::: RECORDED INFORMATION :::

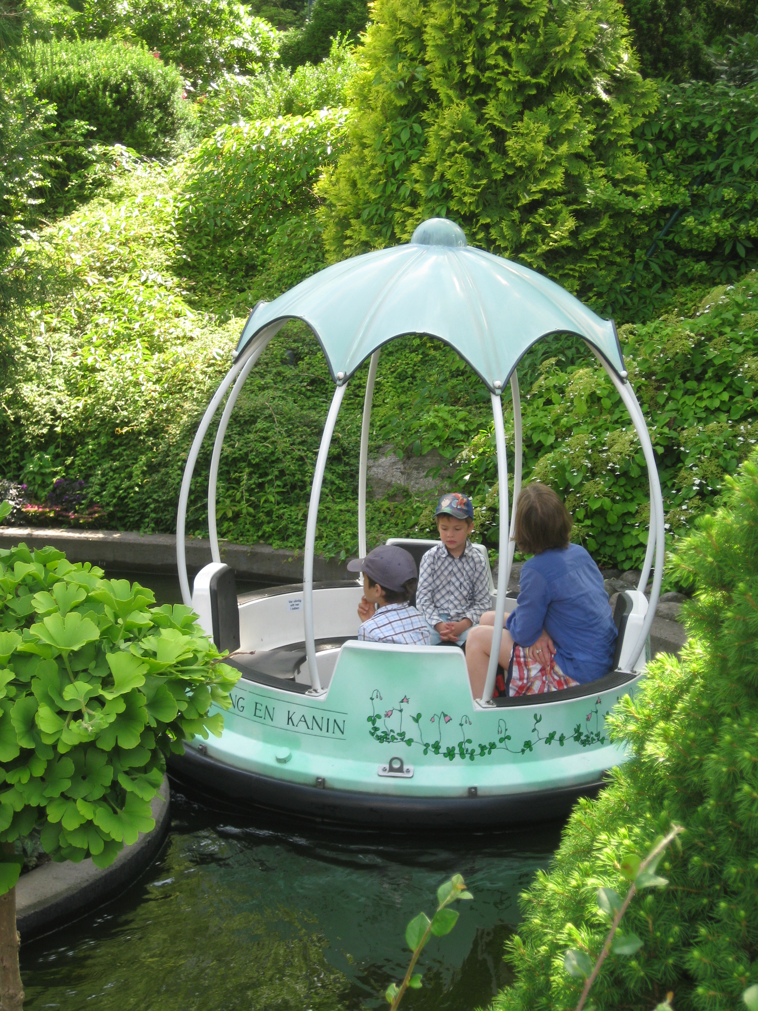 "Kaninresan", Liseberg, Gothenburg, Sweden.
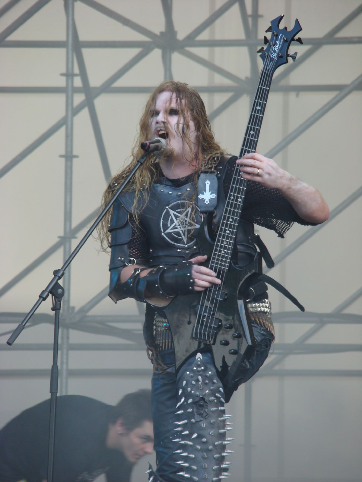 Vortex of Dimmu Borgir, Gods of Metal festval, 2007
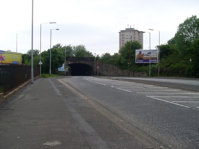 Tunnel under railway east of Nitshill Station Allows Nitshill Road to unerpass the railway.
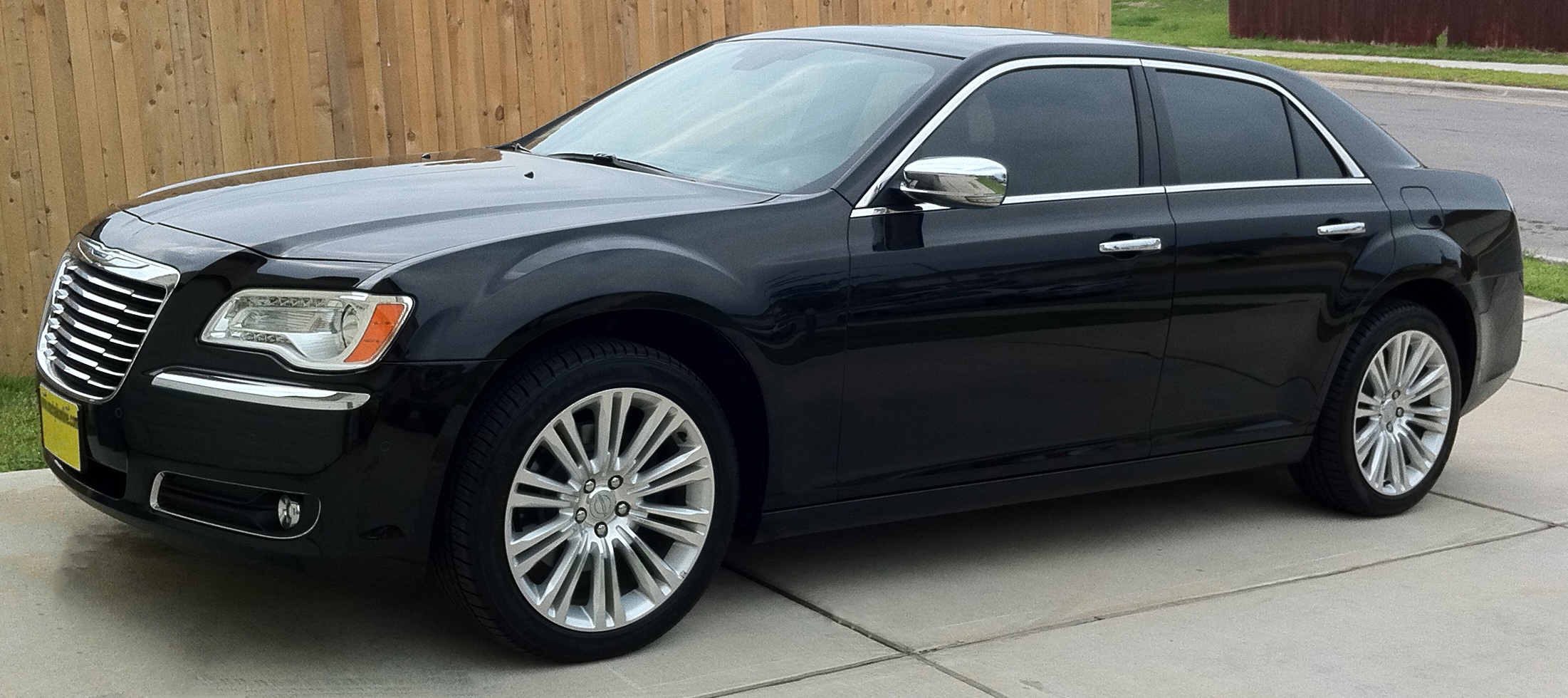 2011 Chrysler 300C
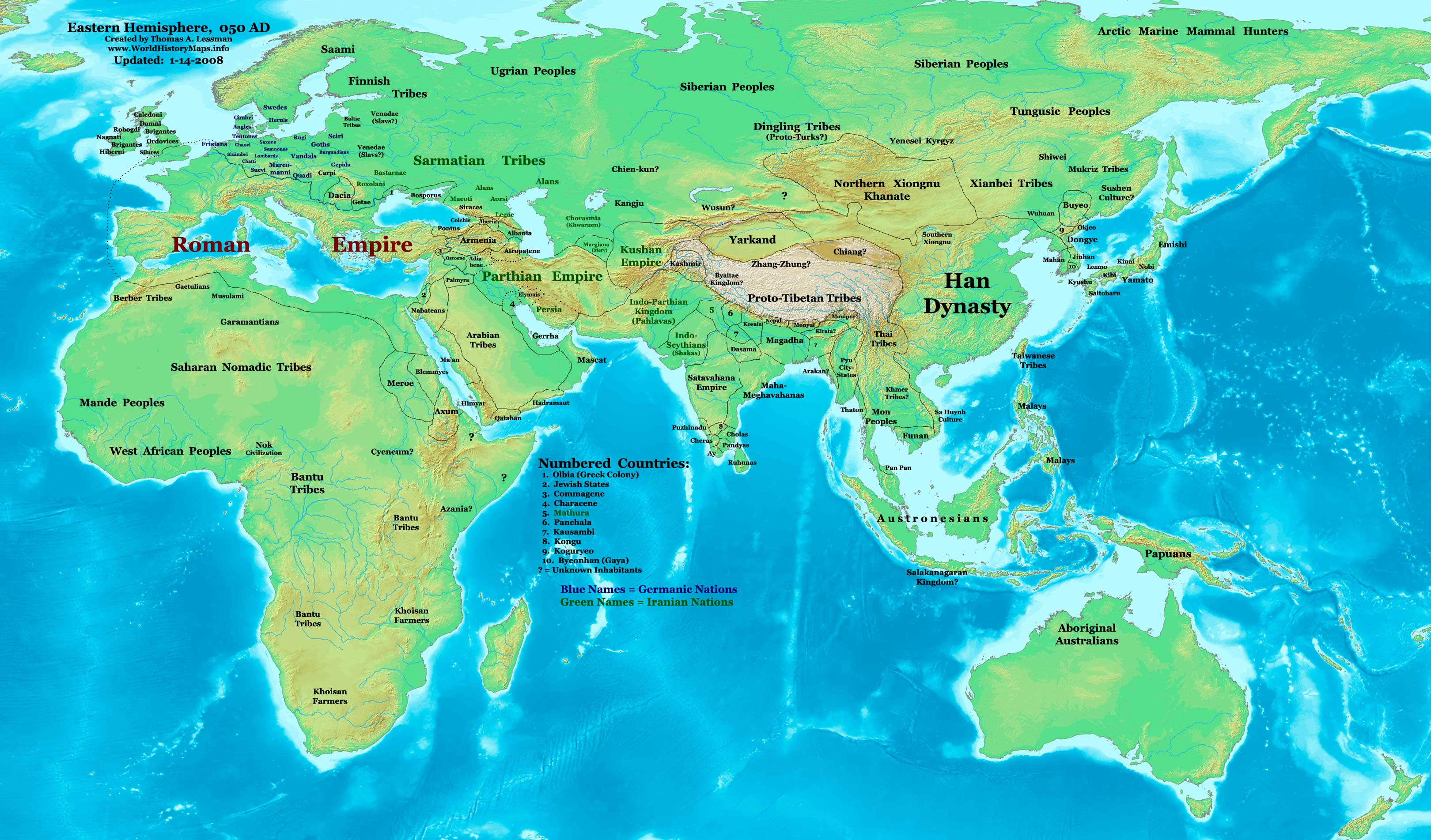 Eastern Hemisphere in 050 AD.

:::

EXERCISE OBJECTIVE: Copy each record exactly. Leave any images out of the copy.

ANSWER SPACE:
 "Kaninresan", Liseberg, Gothenburg, Sweden.
 Vortex of Dimmu Borgir, Gods of Metal festval, 2007
 Tunnel under railway east of Nitshill Station Allows Nitshill Road to unerpass the railway.
 2011 Chrysler 300C
 Eastern Hemisphere in 050 AD.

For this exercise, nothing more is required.